(Items from a data source)
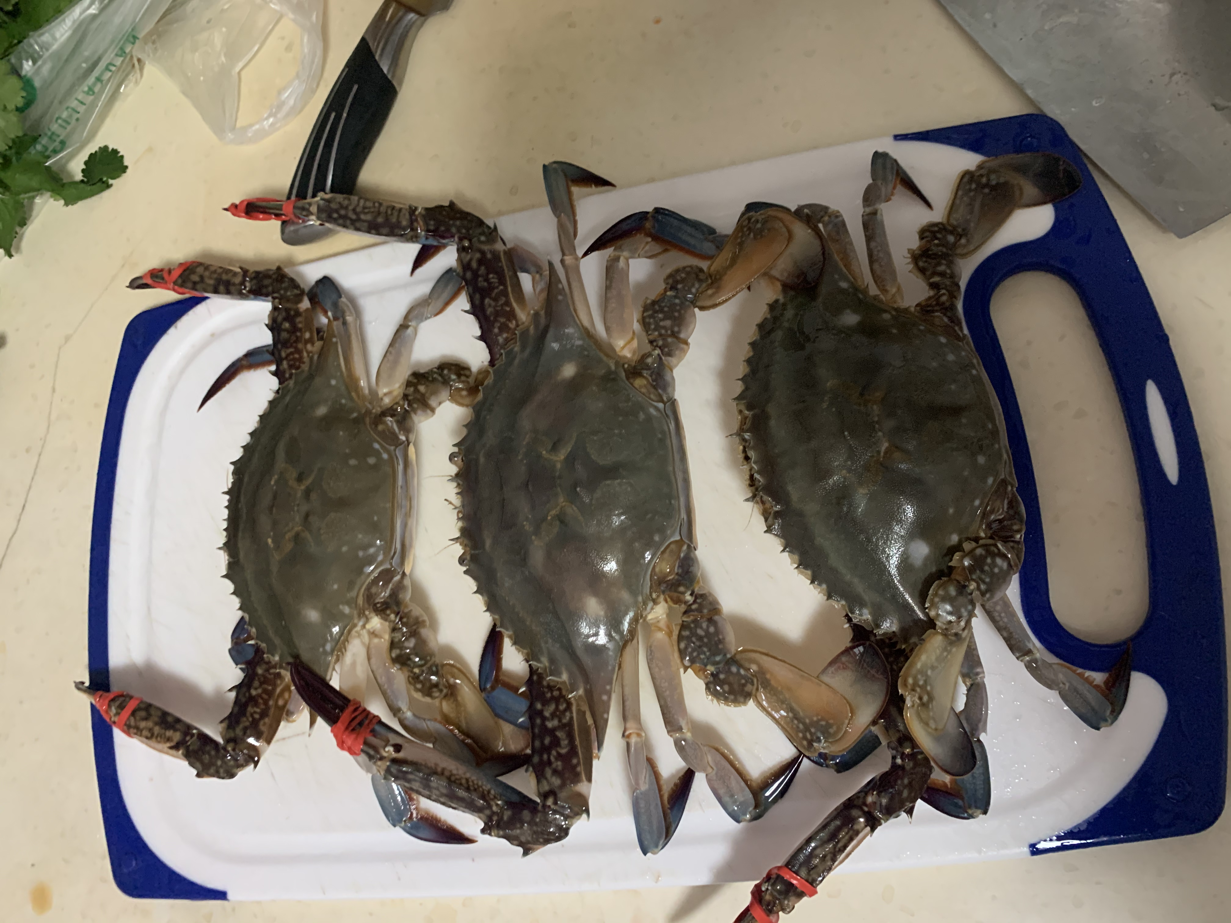 - 去除脚的最后一个关节,避免螃蟹挣扎的时候划伤自己。
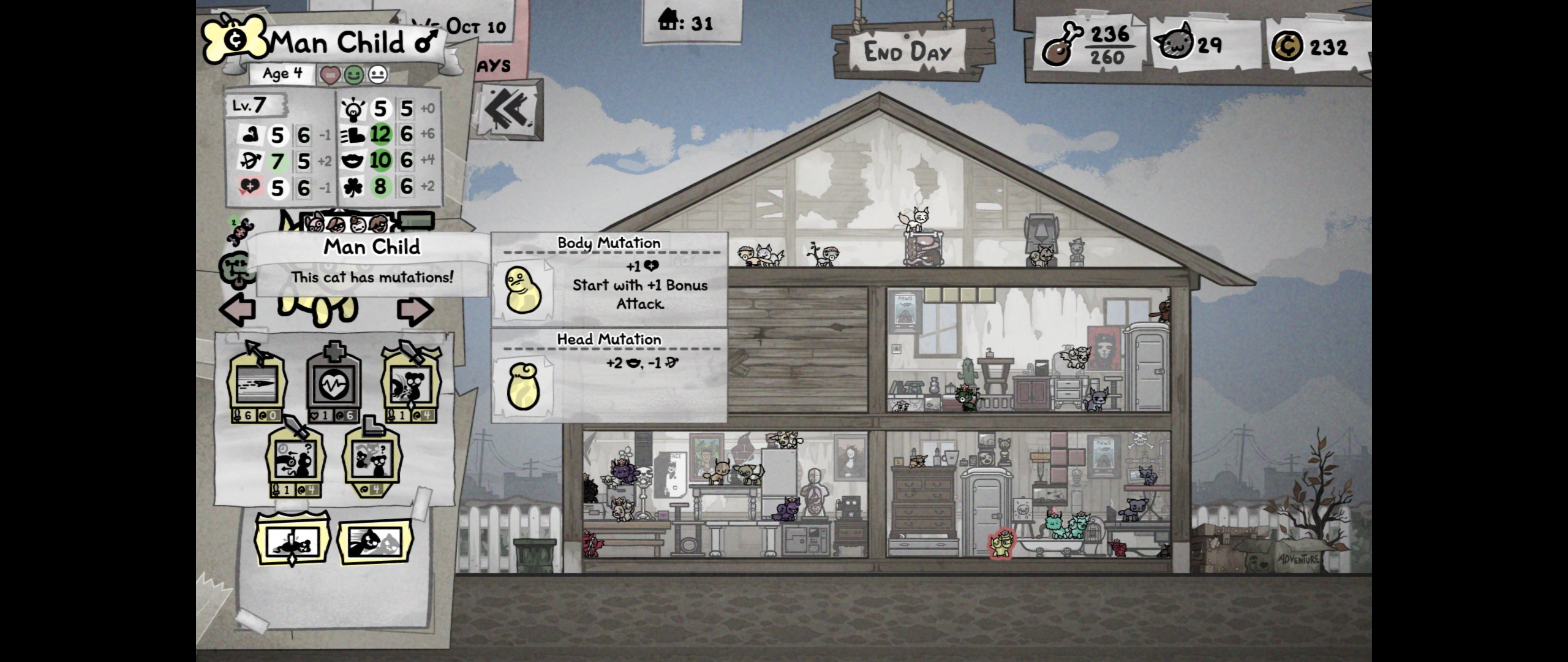 >>733679462>Rolling for Extra attackThrough the power of splitting male and female cats between rooms and dumping cats that get other mutations in the same slot I always have +1 attack on every cat on my team.
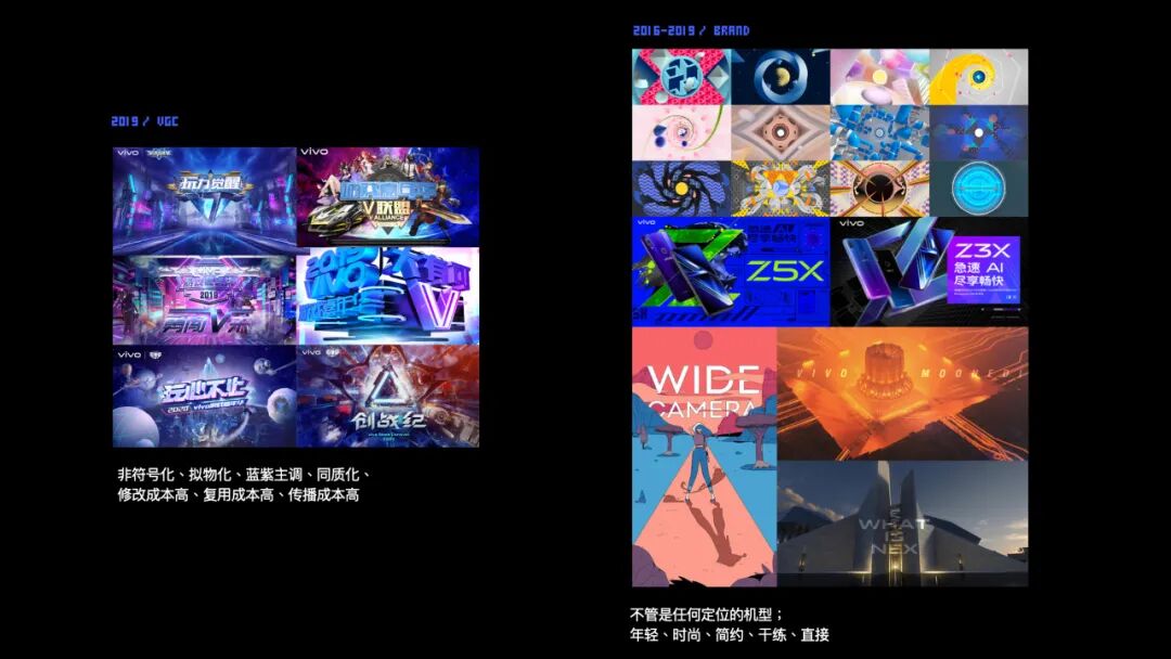 VGC十分年轻,只有两岁。前期素材收集汇集了去年的所有主kv,得出整体风格拟物化为主,蓝紫色为主调,看得出来赛事类大咖KPL对整个行业影响十分根深蒂固。对于vivo游戏对外的透传,此类风格修改成本较高、同质化程度高,较难拉开与市场竞品的距离。接着,收集了部分最近几年各大厂商帮vivo做的视觉,完全是另种感受,年轻、时尚、干练。所以,2020将对VGC视觉表现尝试做全新诠释。
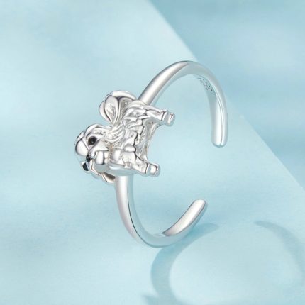 S925 Sterling Silber Platinierter süßer Shih Tzu offener Ring verstellbarer Tierschmuckring
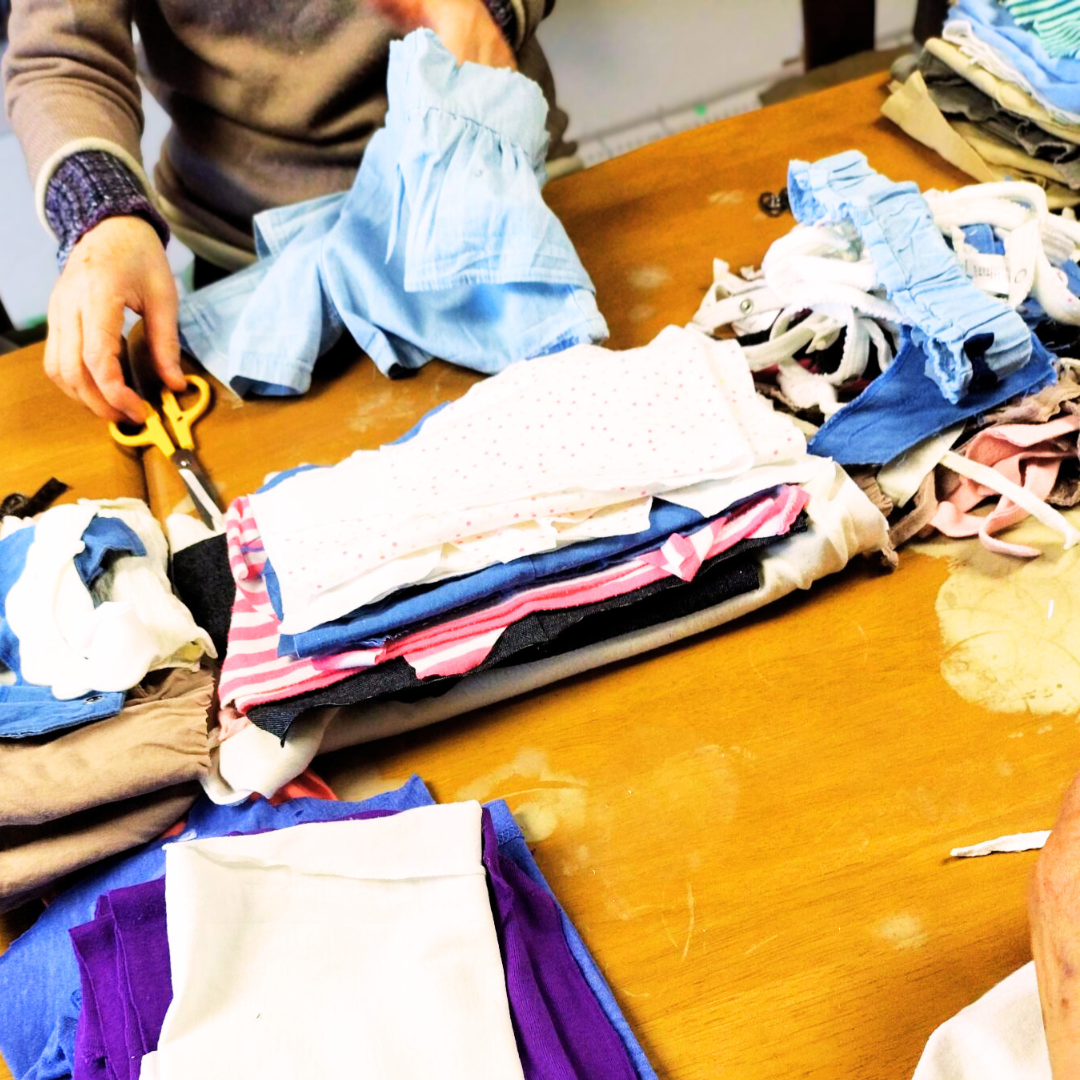 1月13日、21名の部員が集まり、3部屋に分かれて作業しました。残っている子ども服は工夫が必要なものが多く、「これでOK?」「こうしたらもっときれいに仕上がるよ」と声を掛け合いながら、裁断を進めました。
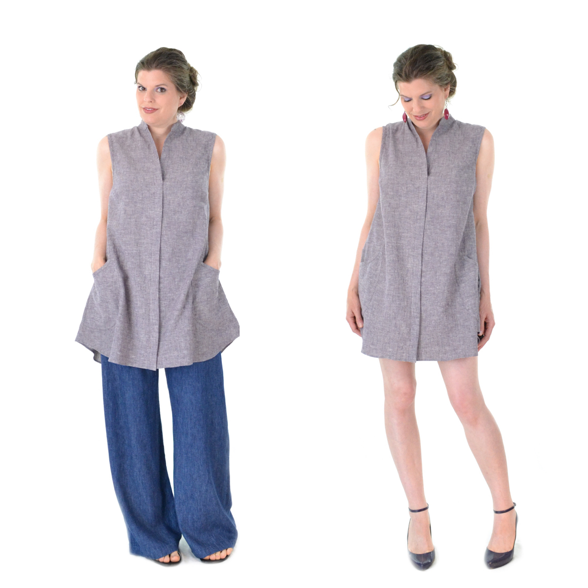 Shirt Blouse (button version) in Sunset bamboo jersey; Smock Dress (button version, with added sleeves) in hemp denim
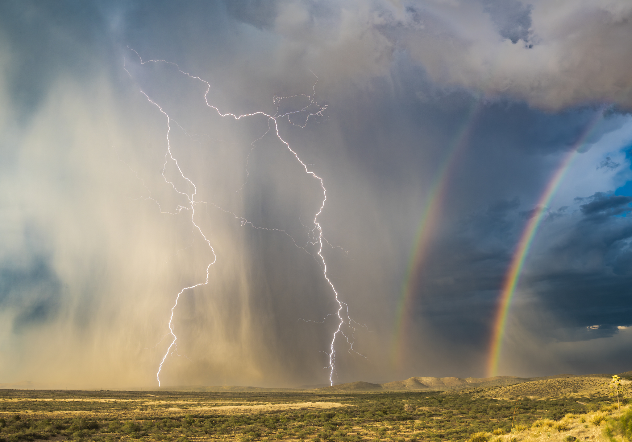Double Rainbow and Double lightning in a single image! Captured out near Benson this summer!
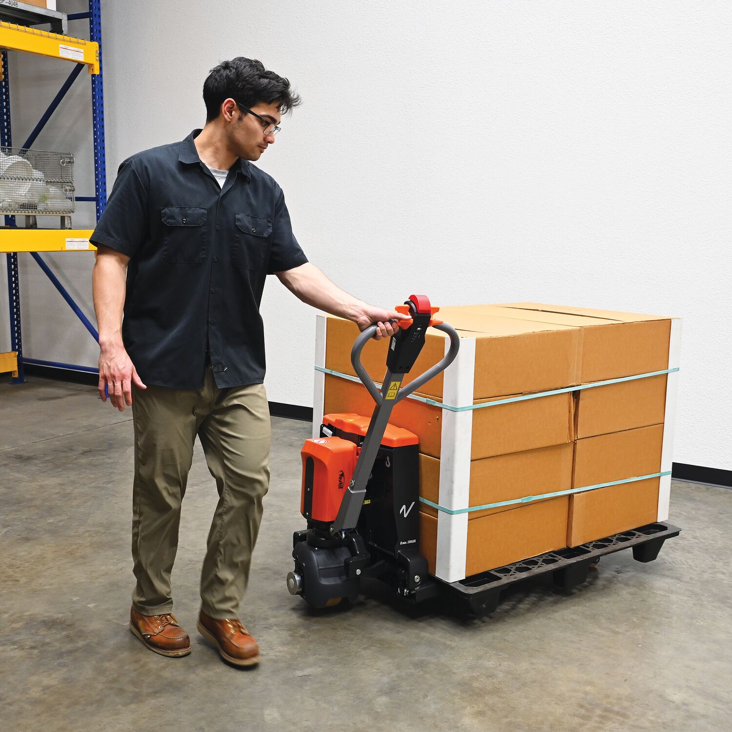 Steel Electric Pallet Truck With Powered Brakes 27 In. x 45 In. 3,300 Lb. Capacity Black/RedThe electric pallet truck is the perfect change from the manual design. This construction design is built to last, withstand rugged daily use, and diminish manual labor. Multi-function capabilities such as the raise and lower buttons and emergency brake are located in the handle. The design of the handle is also ergonomically friendly, minimizing awkward slouching when maneuvering. All areas are easily accessible for general upkeep and cleaning. Truck can be used with the handle in the upright position for utilization in the small areas. Horn is also included. This model includes powered brakes, which lessens strain on workers and increases workplace safety.
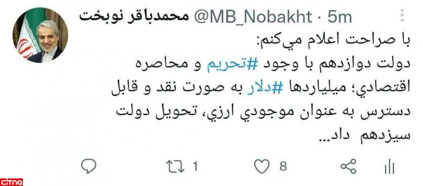 به گزارش سرویس وبگردی سیتنا، محمدباقر نوبخت، رئیس سابق برنامه و بودجه در توئیتی در واکنش به ادعای یک رسانه اصولگرا درباره خالی بودن خزانه، باهشتگ های تحریم و دلار نوشت:
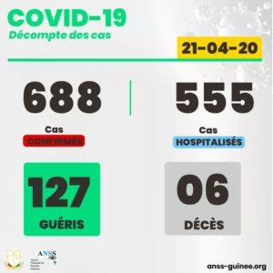 Ce mardi 21 avril 2020, la Guinée vient d’enregistrer 66 nouveaux cas confirmés. La Guinée passe désormais à (688) cas confirmés depuis le début de la pandémie sur son sol dont 127 personnes guéris et (6) décès
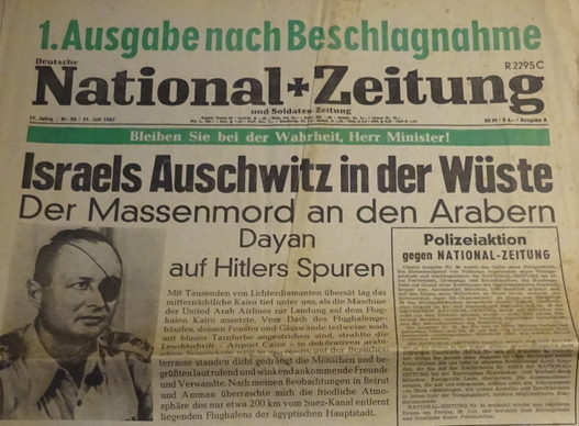 Nella primavera-estate del 1967, la National-Zeitung adottò una linea editoriale martellante, interamente improntata all’identificazione di Israele con il Terzo Reich e alla denuncia del presunto atteggiamento compromissorio della Repubblica Federale. Di seguito, alcuni titoli: Hitler e Adenauer. Il potere degli ebrei in Germania. È possibile “riparare” Auschwitz? (12 maggio); La lotta di Brandt per Israele (Brandts Kampf, 2 giugno); Il colpevole è Israele. Il tradimento di Bonn nei confronti degli arabi (9 giugno); I crimini di Israele: ecco come viene ingannato il mondo. La verità sul conflitto in Medio Oriente (16 giugno); Israeliani, espiate i vostri crimini. L’agonia degli arabi (30 giugno); I nazisti di Israele. Bonn continua a finanziare i crimini di Israele? (7 luglio).
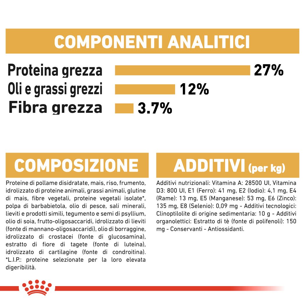 La crocchetta esclusiva unitamente al complesso di fibre contenuto, contribuisce a limitare la quantità di cibo assunto favorendo la masticazione.
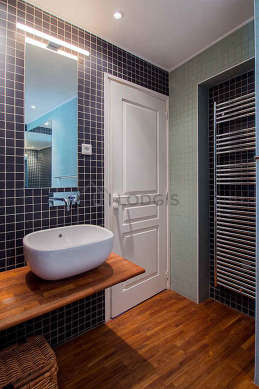 This apartment consists of beautiful kitchen close to the living room with wooden floor and all the essential equipment for your daily life: hob, refrigerator, oven, microwave oven, freezer, extractor hood, toaster, kettle, coffee-maker, shelves, cupboard, crockery.
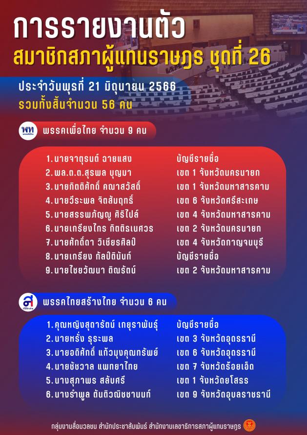 โดยในวันนี้ ตั้งแต่เวลา 08.30 18.00 นาฬิกา มีสมาชิกสภาผู้แทนราษฎรมารายงานตัว จำนวนทั้งสิ้น 56 คน ทั้งนี้ ตั้งแต่วันที่ 20 21 มิ.ย. 66 ได้มีสมาชิกสภาผู้แทนราษฎรมารายงานตัวต่อสำนักงานเลขาธิการสภาผู้แทนราษฎรแล้วจำนวนทั้งสิ้น 87 คน
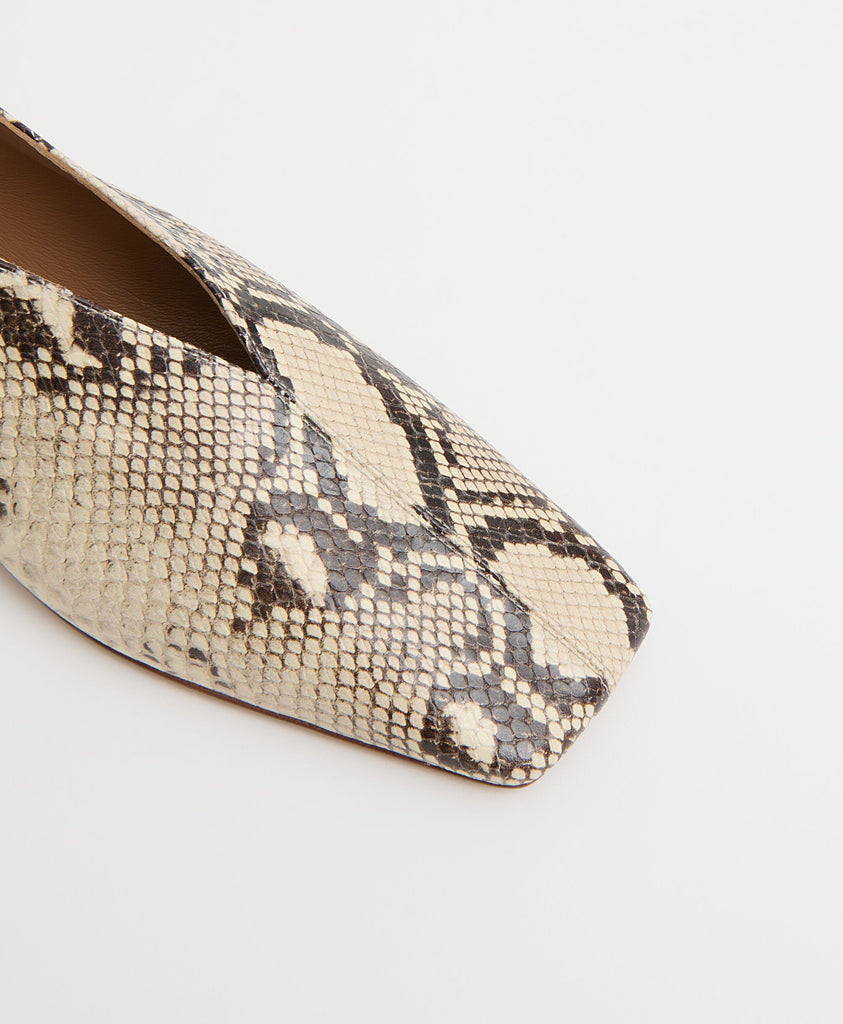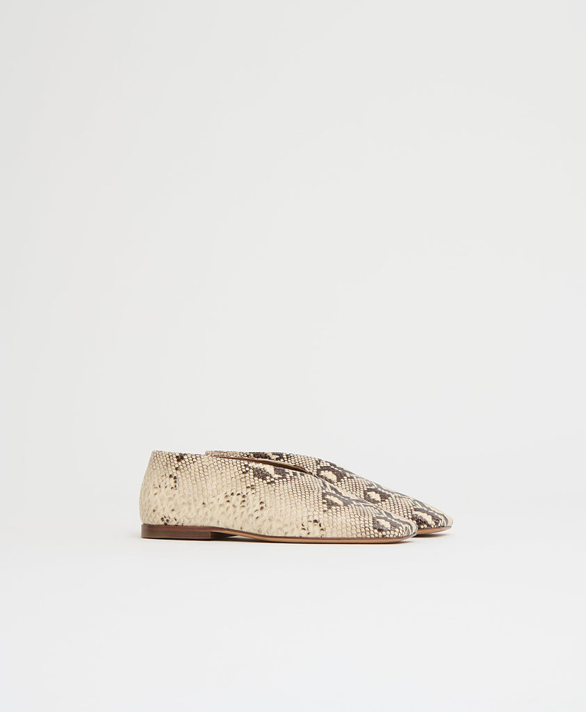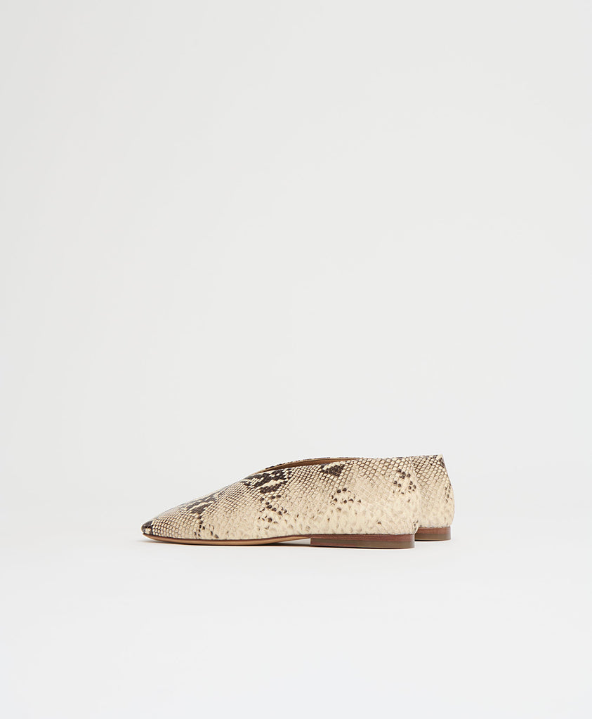 The Square Soft V in Roccia offers a refined balance of structure and ease. Crafted from stamped Italian leather, this flat features a squared toe and low V-cut vamp that elongate and flatter the foot. A padded insole and flexible sole ensure lasting comfort, while its sculptural shape brings a modern edge to everyday elegance.

▸ **Exercise goal**: Reproduce exactly the lines above starting at the line containing "Double Rainbow and" and ending at the line containing "به گزارش سرویس", including both, but not the pictures.

▸ **Answer section**:
Double Rainbow and Double lightning in a single image! Captured out near Benson this summer!
 Steel Electric Pallet Truck With Powered Brakes 27 In. x 45 In. 3,300 Lb. Capacity Black/RedThe electric pallet truck is the perfect change from the manual design. This construction design is built to last, withstand rugged daily use, and diminish manual labor. Multi-function capabilities such as the raise and lower buttons and emergency brake are located in the handle. The design of the handle is also ergonomically friendly, minimizing awkward slouching when maneuvering. All areas are easily accessible for general upkeep and cleaning. Truck can be used with the handle in the upright position for utilization in the small areas. Horn is also included. This model includes powered brakes, which lessens strain on workers and increases workplace safety.
 به گزارش سرویس وبگردی سیتنا، محمدباقر نوبخت، رئیس سابق برنامه و بودجه در توئیتی در واکنش به ادعای یک رسانه اصولگرا درباره خالی بودن خزانه، باهشتگ های تحریم و دلار نوشت:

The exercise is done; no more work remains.